Aimar Olaizola Apezetxea, also known as Olaizola II, is a Basque pelotari and the younger brother of Olaizola I. He is considered to be one of the greatest players in history.

== Early life ==
Olaizola started to play pelota on the local fronton of his hometown, Goizueta, Navarre.

== Professional career ==
During his career, Olaizola II won in 2005, 2007, 2012 and 2013 the main hand-pelota championship — the singles championship — additionally reaching the finals of 2003, 2006, 2009 and 2015.

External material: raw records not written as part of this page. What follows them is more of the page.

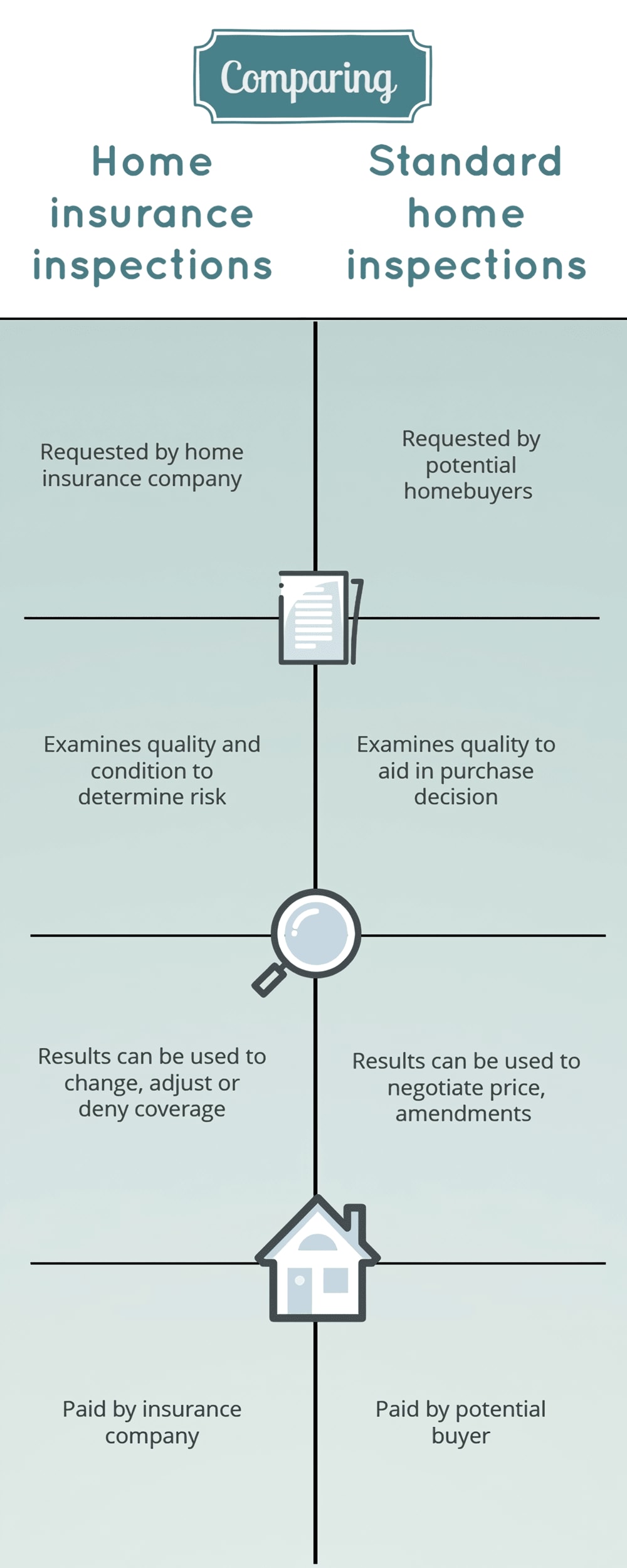 Here is a basic guide comparing home insurance inspections and standard inspections:
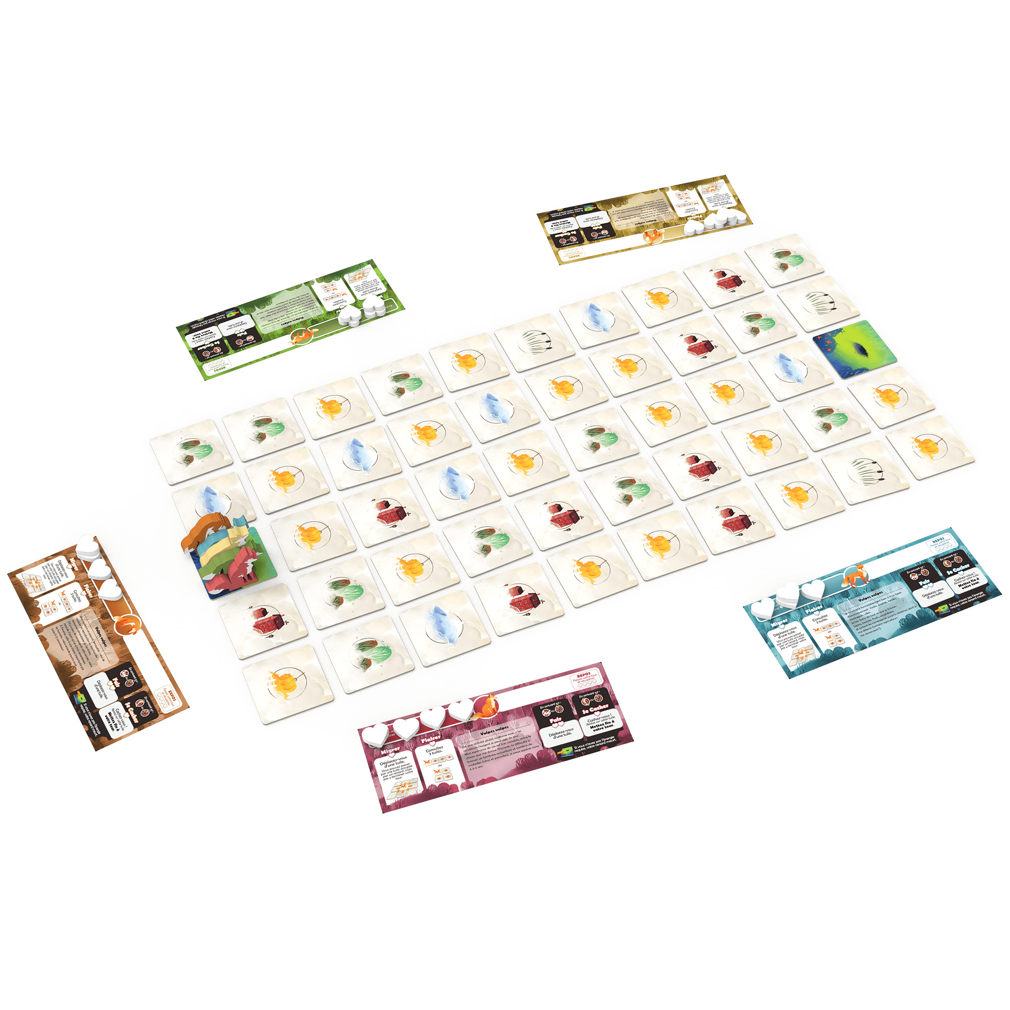 Ils jouent à tour de rôle et une partie prend fin dès qu'un renard parvient à se placer sur la tuile terrier d'arrivée.
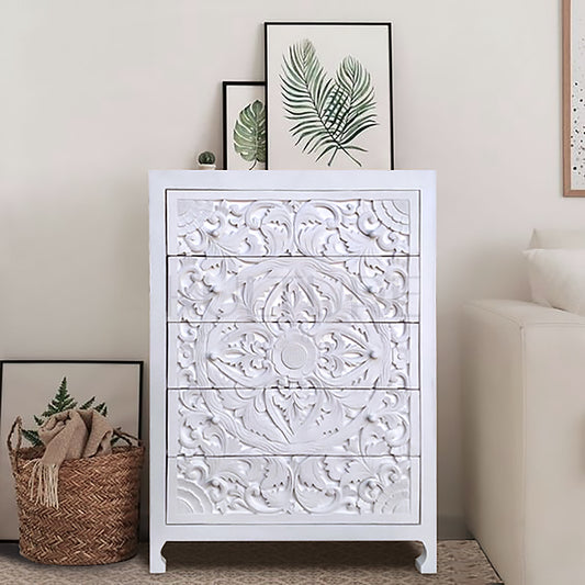 Wooden carved 5-drawer dresser 'Calyta' - White
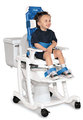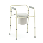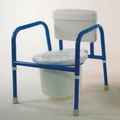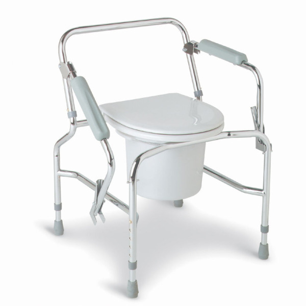 It folds up in seconds for storage or to transport and comes with arm rests, angled legs for stability, non-marking ruber tips, anti-rattle collars that reduce noice, snap-on removable back, pail, splash shield and lid.
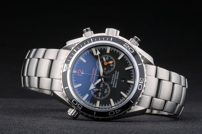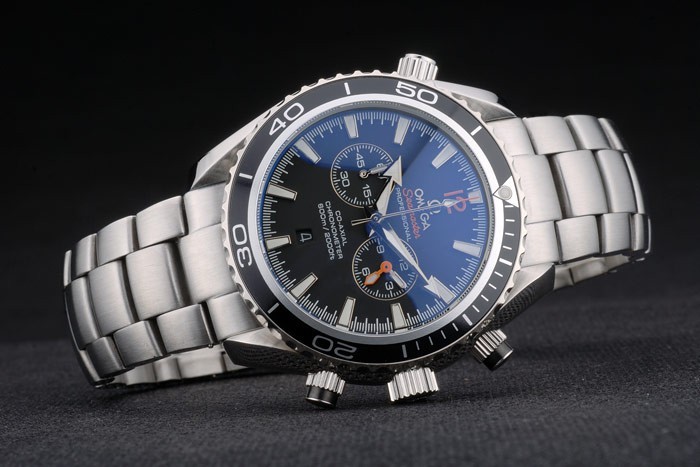 Omega Seamaster Planet Ocean Negro Negro taquímetro Dial de acero inoxidable Correa 80240

=== 1st hand-pelota singles championship finals ===

| Year | Champion | Subchampion | Score | Fronton |
|---|---|---|---|---|
| 2003 | Patxi Ruiz | Olaizola II | 22-7 | Atano III |
| 2005 | Olaizola II | Martínez de Irujo | 22-18 | Atano III |
| 2006 | Martínez de Irujo | Olaizola II | 22-17 | Atano III |
| 2007 | Olaizola II | Barriola | 22-10 | Atano III |
| 2009 | Martínez de Irujo | Olaizola II | 22-12 | Atano III |
| 2012 | Olaizola II | Martínez de Irujo | 22-07 | Bizkaia |
| 2013 | Olaizola II | Martínez de Irujo | 22-07 | Bizkaia |
| 2015 | Urrutikoetxea | Olaizola II | 22-19 | Bizkaia |

===Cuatro y Medio championship finals===

| Year | Champion | Subchampion | Score | Fronton |
|---|---|---|---|---|
| 2002 | Olaizola II | Barriola | 22-13 | Ogueta |
| 2004 | Olaizola II | Barriola | 22-08 | Ogueta |
| 2005 | Olaizola II | Xala | 22-05 | Atano III |
| 2008 | Olaizola II | Martinez de Irujo | 22-17 | Atano III |
| 2011 | Olaizola II | Martínez de Irujo | 22-12 | Bizkaia |
| 2012 | Olaizola II | Bengoetxea VI | 22-9 | Ogueta |
| 2013 | Olaizola II | Martínez de Irujo | 22-16 | Ogueta |
| 2014 | Martínez de Irujo | Olaizola II | 22-17 | Bizkaia |

===1st hand-pelota doubles championship finals===

| Year | Champions | Subchampions | Score | Fronton |
|---|---|---|---|---|
| 2003 | Koka - Beloki | Olaizola II - Pascual | 22-15 | Atano III |
| 2006 | Martínez de Irujo - Martínez de Eulate | Olaizola II - Zearra | 22-11 | Ogueta |
| 2008 | Olaizola II - Mendizábal II | Titín III - Laskurain | 22-17 | Ogueta |
| 2009 | Mtz. de Irujo - Goñi III | Olaizola II - Mendizabal II | 22-21 | Atano III |
| 2011 | Olaizola II - Begino | Xala - Beroitz | 22-14 | Bizkaia |
| 2014 | Martínez de Irujo - Barriola | Olaizola II - Aretxabaleta | 22-13 | Bizkaia |
| 2016 | Olaizola II - Urrutikoetxea | Martínez de Irujo - Rezusta | 16-10 | Bizkaia |

===2nd Hand-Pelota singles championship===

| Year | Champion | Subchampion | Score | Fronton |
|---|---|---|---|---|
| 1999 (1) | Olaizola II | Hirigoyen | 22-16 | Astelena |

(1) Two championships were played in 1999, due to disagreements between the two main professional Basque-pelota companies — Aspe and Asegarce.